Tom, welcome back to the program.
TOM HUIZENGA, BYLINE: Hey, good to see you again, Jacki.
LYDEN: You know, I'm listening to this, and it's taking me back to Iran. This is Persian music. It's so beautiful.
HUIZENGA: It is, and the instrument that we're hearing that's highlighted here is the Persian ney, usually spelled N-E-Y. It's kind of a vertically blown bamboo flute that's common in the Mideast and actually other eastern cultures. A super, super old instrument. One of the oldest instruments we know. And I think it just sounds terrific in this kind of east-meets-west concerto by Reza Vali. He's a Iranian-born composer and music professor at Carnegie Mellon University.
LYDEN: Yes, and the whole way that this is being composed, I mean, it really sort of opens emotion of concerto, doesn't it?
HUIZENGA: It's not exactly a regulation concerto. It opens up two worlds, especially because I think Reza Vali pits these two separate worlds against each other, the Middle East and the west. I think throughout the concerto, it's interesting that you're very aware that this very expressive flute, this ney, which plays notes in a different scale than western music, you're very aware that it's up against the traditional western symphony orchestra.
LYDEN: Yeah. I don't want to use the word battle, but obviously they're juxtaposed.
HUIZENGA: They are. And, I mean, that's kind of what a traditional concerto is. You know, like piano concerto that you think of it traditionally as a piano versus orchestra - soloist versus orchestra. And here's a spot in the second movement, I think, where we get to hear just a little bit of that. Starts out with just the ney and the frame drums that sounds very folksy and then the orchestra intrudes.

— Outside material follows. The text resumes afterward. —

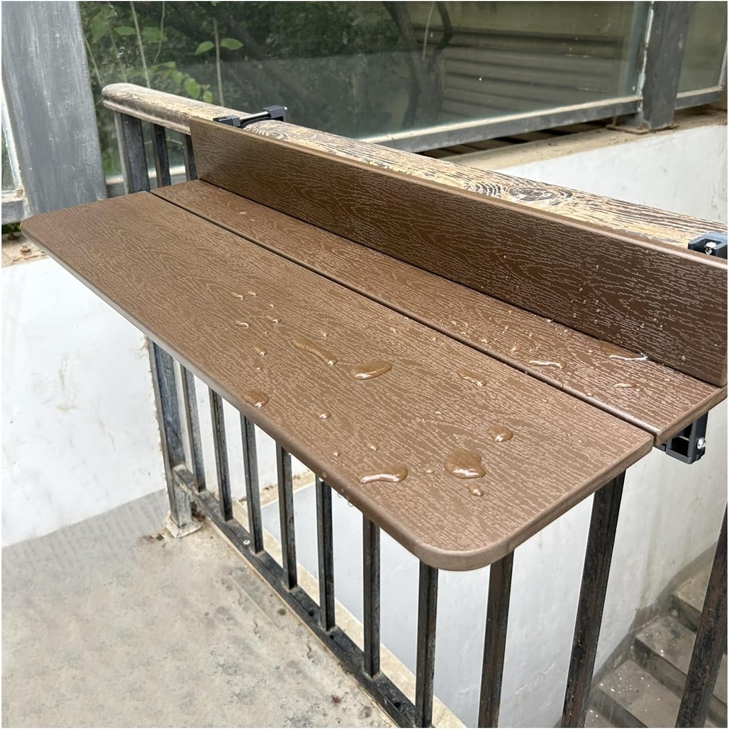 The balcony hanging deck table has a spacious tabletop for placing items, allowing you to enjoy a pleasant leisure time. At the same time, the hanging design can free up storage space on the ground, avoiding taking up too much space on the narrow balcony.Must read:1. Please evaluate the firmness of the railing and the risk of falling objects from high altitude by yourself, and purchase after confirming safety2. Glass railings and railings that cannot be installed with locks cannot be used, Applicable railing types: square metal railings, square double railings, radiators, wooden railings, round metal railings are all applicable. Perfect match with any outdoor space.※ Unsuitable railings: glass railings without crossbars, all-glass railings.Specifications:Color: BrownTable Design: Dining Table, Work TableSpecial Features: Folding, HangingRoom Type: Porch, Garden, Balcony, Terrace, ApartmentMaterial: Aluminum Alloy Frame, 304 Stainless Steel Standard Accessories, High-grade Plastic Wood TabletopMaximum Load Capacity: 40KGApplicable Railing Width: 1-22cmLocking Screw Gear: ≤8.5cm/3.3 inchesDesktop Length: 60cm/80CM/100CM/120CMDesktop Width: 27CM/37CMBaffle Height: 9cm/3.5 inchesAdjustable Height Range: 2-33cm/0.8-13 inches below the railingLeveling Range: 0-3.5 cm/0-1.37 inchesPlease Note:1. Clean with a clean damp cloth. All decorative items are not included in this offer.2. The color of the item may be slightly different from the photo due to the lighting or screen of the monitor. Slight measurement errors may occur due to manual measurement.3. If you have any questions or concerns, please contact us and your email will be responded to within 24 hours.
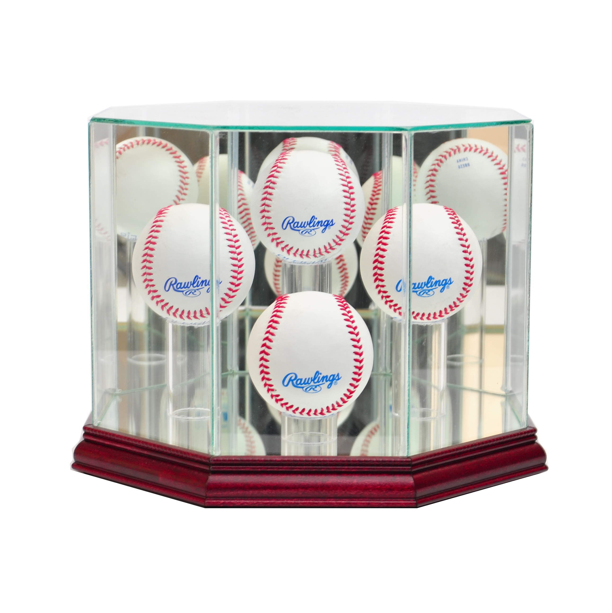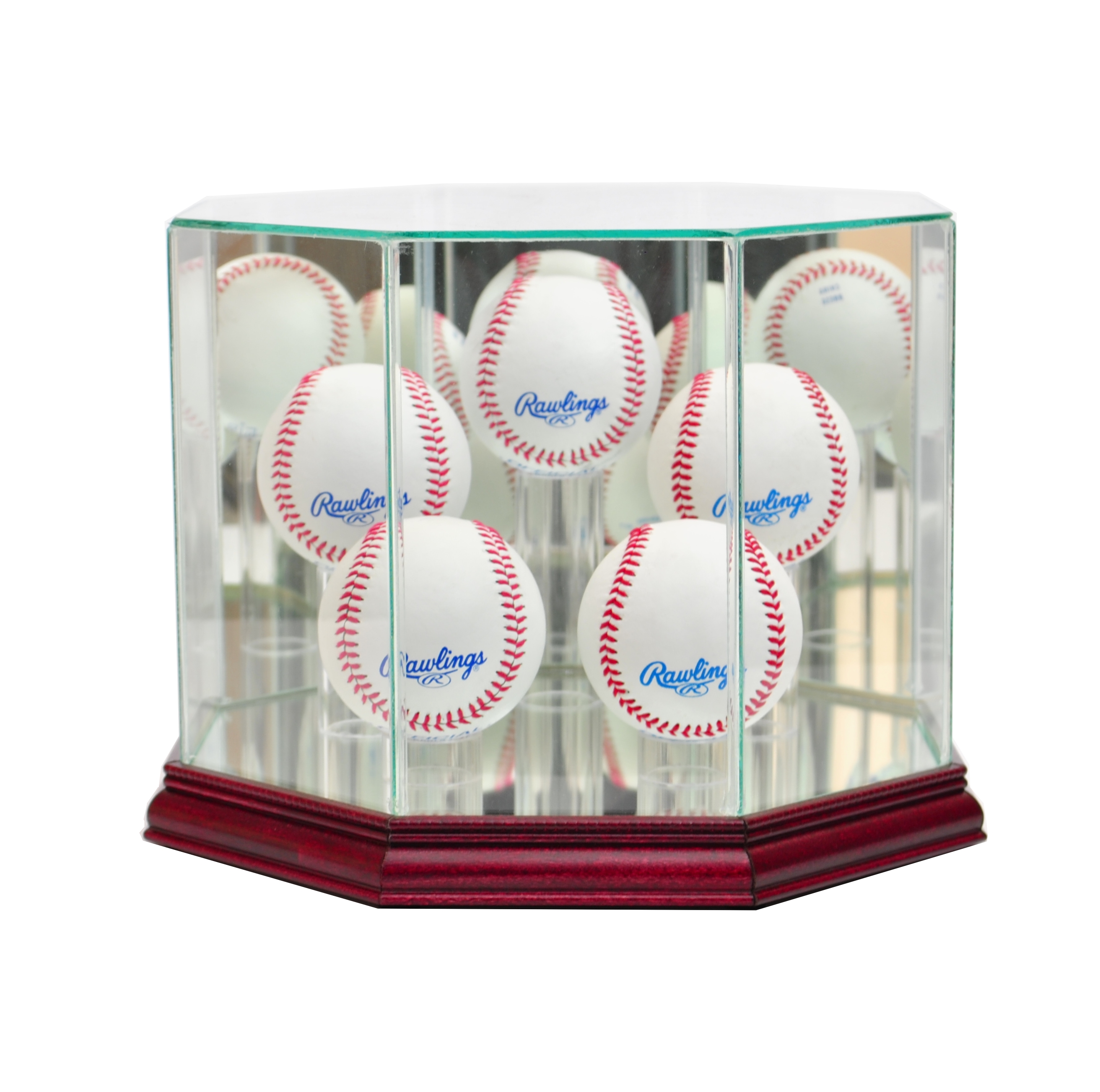 4-6 Baseball Octagon Premium Glass Display Case with Mirrored Cherry Wood Base & Mirrored Back

(SOUNDBITE OF MUSIC, "ECSTATIC DANCE")
LYDEN: And that's music from "Toward the Endless Plain," the concerto for Persian ney, a flute and orchestra by Reza Vali. Yeah, that was really sensational. Tom, where else are you taking us today?
HUIZENGA: Okay. How about a new take on a traditional spiritual?
LYDEN: Okay.
(SOUNDBITE OF SONG, "COME BY HERE, GOOD LORD")
LAWRENCE BROWNLEE: (Singing) Come by here, Good Lord. Come by here. Come by here, Good Lord. Come by here. Come by here, Good Lord. Come by here. Oh, Lord, come by here.
LYDEN: Mm, wow.
HUIZENGA: That's Lawrence Brownlee. He's one of the top Rossini tenors today.
LYDEN: What does that mean, a Rossini tenor?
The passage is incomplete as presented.